**DATA FOR THE TASK**:
=====
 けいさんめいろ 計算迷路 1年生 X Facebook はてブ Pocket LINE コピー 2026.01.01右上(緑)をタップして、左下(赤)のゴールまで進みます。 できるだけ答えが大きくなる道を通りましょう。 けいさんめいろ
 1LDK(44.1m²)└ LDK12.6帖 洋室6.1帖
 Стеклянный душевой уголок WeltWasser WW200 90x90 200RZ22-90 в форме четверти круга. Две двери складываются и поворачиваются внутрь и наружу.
=====
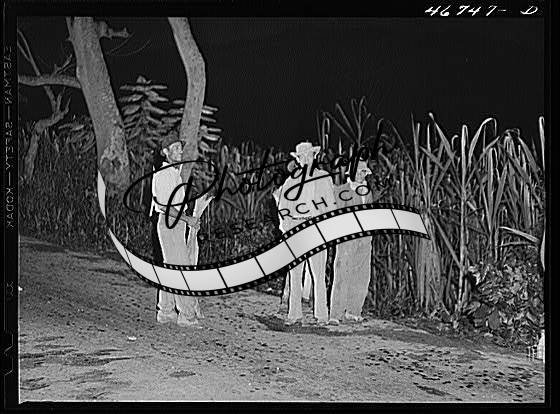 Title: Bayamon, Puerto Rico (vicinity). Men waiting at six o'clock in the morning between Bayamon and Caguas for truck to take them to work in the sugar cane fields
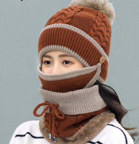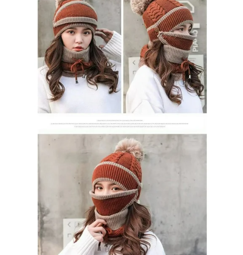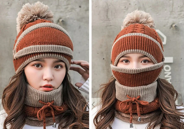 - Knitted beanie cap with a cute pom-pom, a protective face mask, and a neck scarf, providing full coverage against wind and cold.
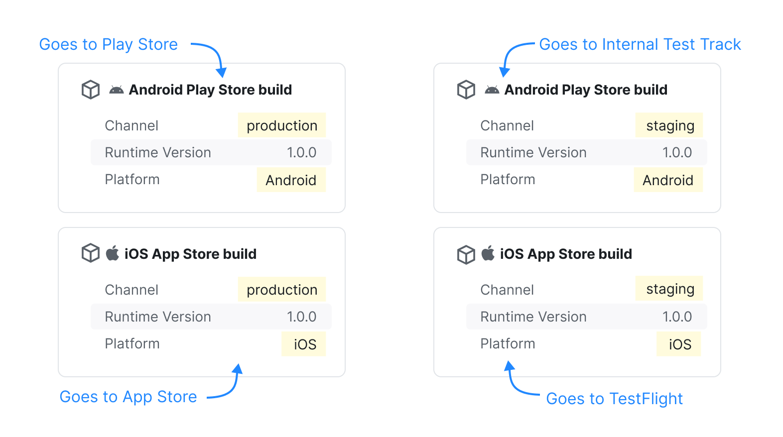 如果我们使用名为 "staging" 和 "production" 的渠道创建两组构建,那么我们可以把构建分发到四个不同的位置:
=====
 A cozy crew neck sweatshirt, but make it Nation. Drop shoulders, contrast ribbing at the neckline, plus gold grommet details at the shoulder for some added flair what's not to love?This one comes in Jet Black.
=====
**EXERCISE DETAILS**: Starting at the line that has "けいさんめいろ 計算迷路 1年生" and ending at the line that has "Стеклянный душевой уголок", please write out the lines above exactly, leaving out all others.

**SOLUTION**:
 けいさんめいろ 計算迷路 1年生 X Facebook はてブ Pocket LINE コピー 2026.01.01右上(緑)をタップして、左下(赤)のゴールまで進みます。 できるだけ答えが大きくなる道を通りましょう。 けいさんめいろ
 1LDK(44.1m²)└ LDK12.6帖 洋室6.1帖
 Стеклянный душевой уголок WeltWasser WW200 90x90 200RZ22-90 в форме четверти круга. Две двери складываются и поворачиваются внутрь и наружу.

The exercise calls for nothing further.